I finished quickly and headed back to my car. As soon as I was in the seat I reached for my cell phone and dialed Alice's number.

"Jasper. How did it go?" I knew that she would know that I was calling.

"It went okay," In my heart I knew it went better than I thought but I still had a lot to deal with.

"What's wrong?"

"I need to stay longer than I thought," I said as an excuse. Staying in Forks wasn't a problem. But, Bella's emotions might be.

"That's fine Jasper. I knew that it would probably take some time," I didn't say anything. "How is Bella?"
"I don't know," I said honestly. I didn't want to talk about this anymore. "I miss you."

"Baby, I miss you, too" Alice said softly. We hardly ever spent time away from one another.

Then I heard some sort of screeching nearby. I got out of the car and listened. Bella.

"I have to go Alice," I said hurriedly.

"What's wrong?"

"Nothing. I love you."

"I love you too" She said sadly and hung up. I hated not telling her everything. But what she didn't know couldn't hurt her.

I ran to the house and leapt to her window. I was getting used to it by then. Bella was thrashing around in her bed, but she was still asleep.

"Edward! Please don't leave!" She yelled and I couldn't help the tears that sprang in my eyes. This was unbearable. I put one foot in the window ready to come in and help her. But, I couldn't. So I sent waves of calm towards her hoping that it would help, but it didn't that much.
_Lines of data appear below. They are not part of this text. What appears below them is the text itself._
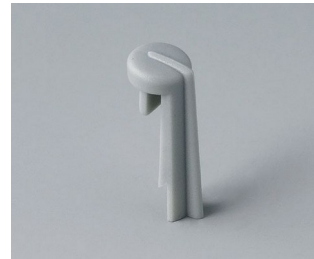
A1105007 Skala PA 6 (UL 94 HB) minéral
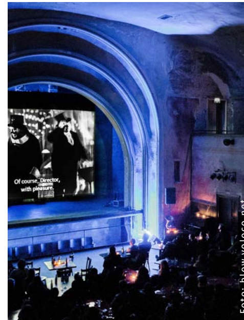
Das Stummfilmkino Delphi
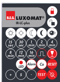
IR-LC-plus Numero: 92095

Dimensioni: 40 x 55 x 103 mm Colore di materiale: nero Frequenza: 2.4 GHz Banda ISM, GFSK 0.2 dBm + 5.3 dBi = 5.5 dBm
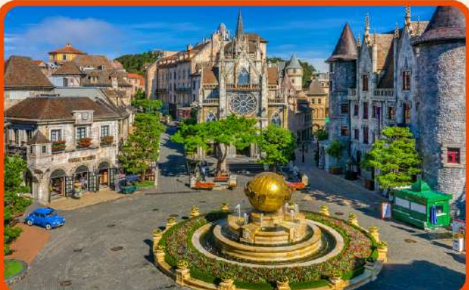
เที่ยวบานาฮิลล์แบบจุใจ เต็มวัน
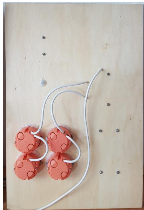
Modul 1, Rückseite
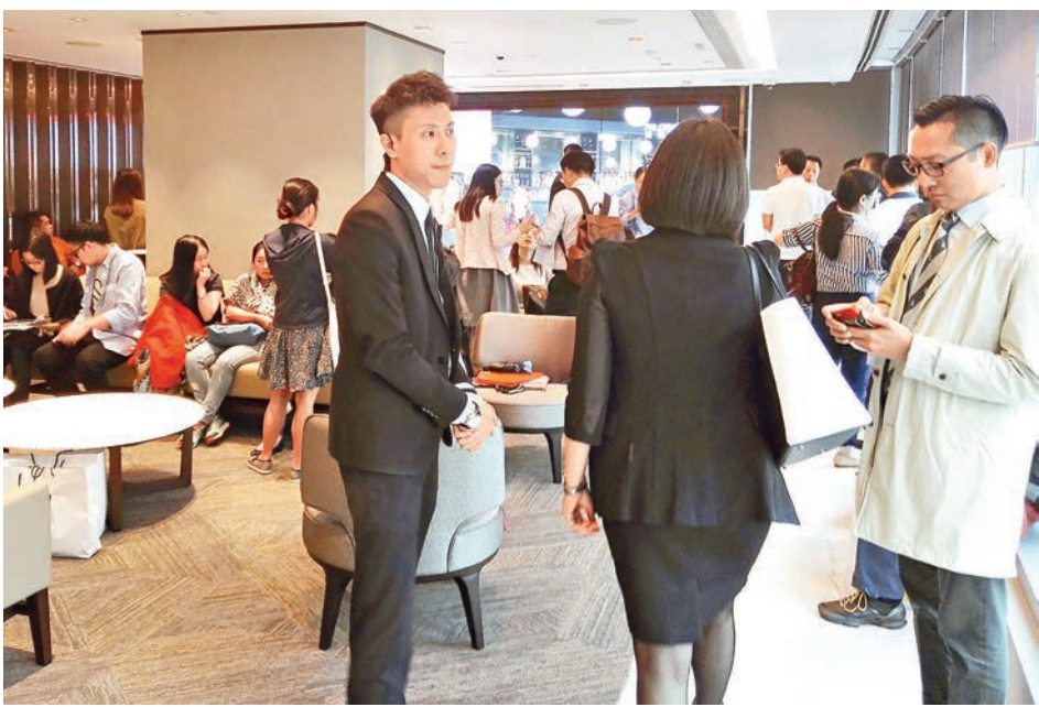
來自西北、東北和華南等地客戶將保誠大廳擠滿，許多客戶因沒有空位只得長時間站着。

記者比較兩地保險公司的相關保障條款，香港保險無論從保費、保額和保障範圍等方面，目前都較內地具有優勢，相信這也是香港保險吸引大量內地客的重要原因。 目前內地保險對於每一種疾病的定義都比香港更嚴格，也就是說，如在原位癌、中風和冠狀動脈手術等，內地保險要求患者的病情達到更嚴重的程度才能理賠。
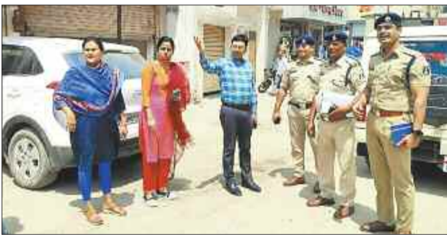
स्थल निरीक्षण करते एसपी व अन्य अधिकारी।

पुलिस अधीक्षक ने अधिकारियों को चार दिनों के भीतर कार्ययोजना तैयार करने के निर्देश दिए हैं। स्थल निरीक्षण के दौरान यातायात व्यवस्था में बाधा
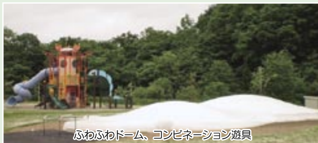
ふわふわドーム、コンビネーション遊具

開園式では、雫石町長、岩手県議会議員より祝辞のあいさつをいただき、指定管理者KOIWAIから園地の見所を紹介した後、地元の「戸沢さんさ」の披露、御所保育園児のみなさんによるエリカの植栽を行い閉会しました。その後、同公園内の炊事棟の使い始めとして、バーベキューの振る舞いと地元雫石町の名物“軽トラ市”で町場地区園地の開園を祝いました。
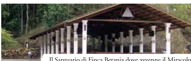
Il Santuario di Finca Betania dove avvenne il Miracolo
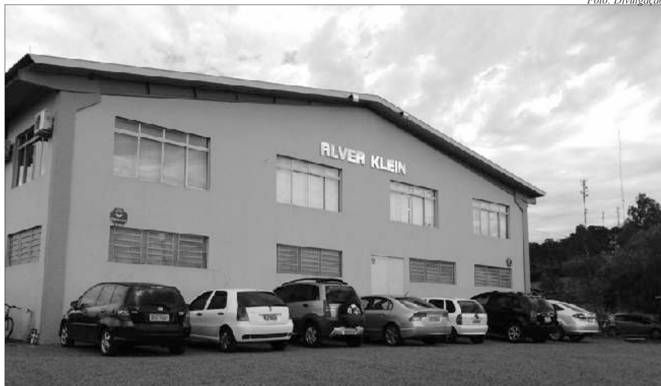
Alver Klein, com sede em Guaraciaba, é tradicional empresa de confecção, há 20 anos no mercado

Tunápolis Alver Klein Industrial, empresa familiar há 20 anos no mercado, anunciou, nas últimas semanas, a instalação de uma filial em Tunápolis. Com a matriz localizada em Guaraciaba, a indústria trabalha na confecção de vestuário masculino para todo Brasil, como calças, camisas, bermudas e jeans.

I wanted to touch her and to comfort her, but that was crossing the line.

The tears went away abruptly and I felt undeniable fury flooding through me. Edward. This was unforgivable and if I saw him I had no clue what I would do. Never, I promised myself, would I do anything like this to her.

"Don't leave me," She murmured once more. I made my decision at that moment. I would stay in Forks to do whatever it took to make her happy again, to make her whole. I wasn't leaving her, no matter what.